◆ **Exercise directions**
Where pictures appear, omit them, and copy exactly only the lines from the start of the listing through the line containing "重点看两个数据,申请总数(t", both included.

◆ **Exercise data**

....................

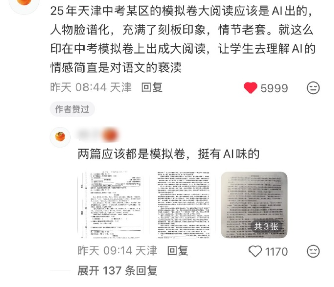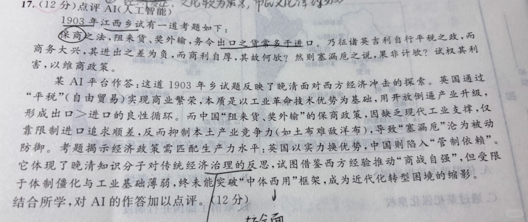 同样是用AI出题,有的试卷换了一种方式,把AI给的答案放进题目,让学生进行点评。
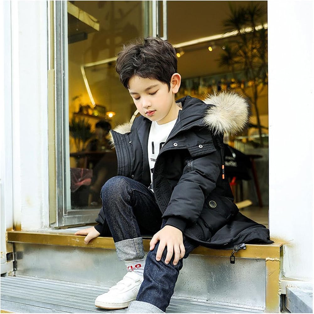 Kinder Jungen Daunenjacke Mit Kapuzen Pelzkragen Winterjacke Lange Daunenmantel Warm Winddicht Steppjacke Parka Trenchcoat Outerwear
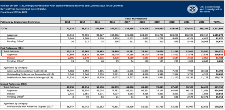 重点看两个数据,申请总数(total petitions)和获批数量(approved)。最近10年,申请总数接近25万,21万人获批,获批率高达83%。
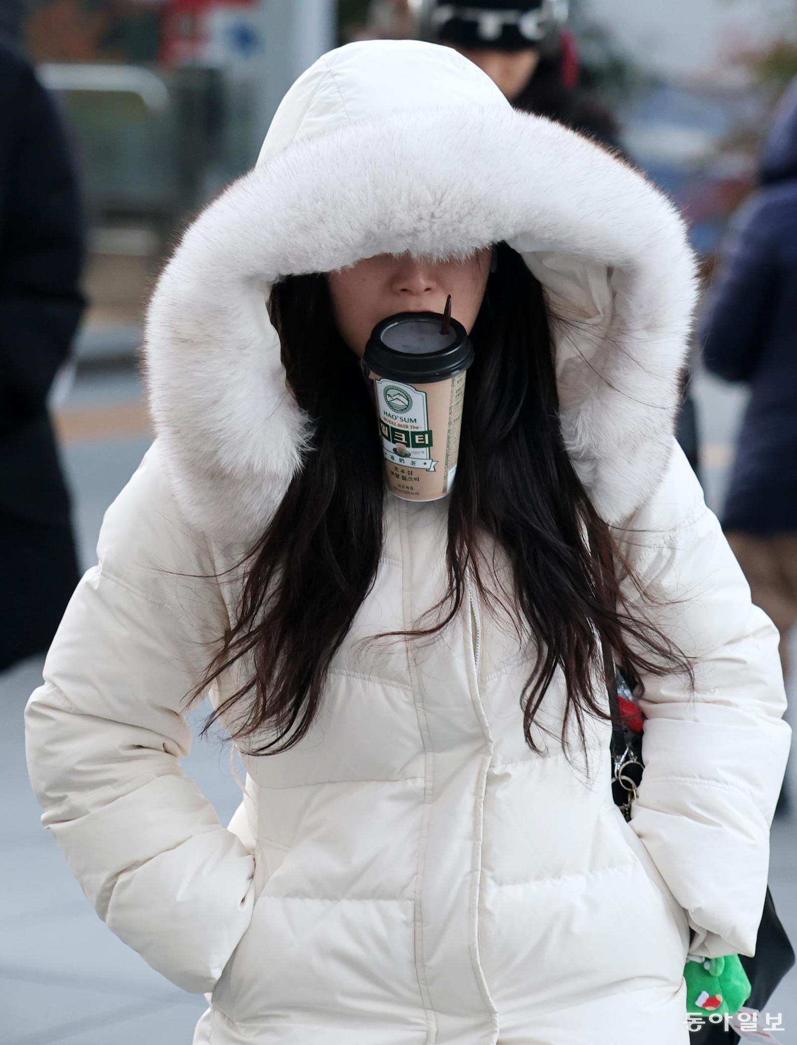 두 손은 패딩 주머니에 넣었지만, 음료는 포기할 수 없는 아침입니다. 털모자를 눌러쓰고 발걸음을 재촉하며, 북극 한파에 생존형 출근법이네요.

....................

◆ **Result for this task**
 同样是用AI出题,有的试卷换了一种方式,把AI给的答案放进题目,让学生进行点评。
 Kinder Jungen Daunenjacke Mit Kapuzen Pelzkragen Winterjacke Lange Daunenmantel Warm Winddicht Steppjacke Parka Trenchcoat Outerwear
 重点看两个数据,申请总数(total petitions)和获批数量(approved)。最近10年,申请总数接近25万,21万人获批,获批率高达83%。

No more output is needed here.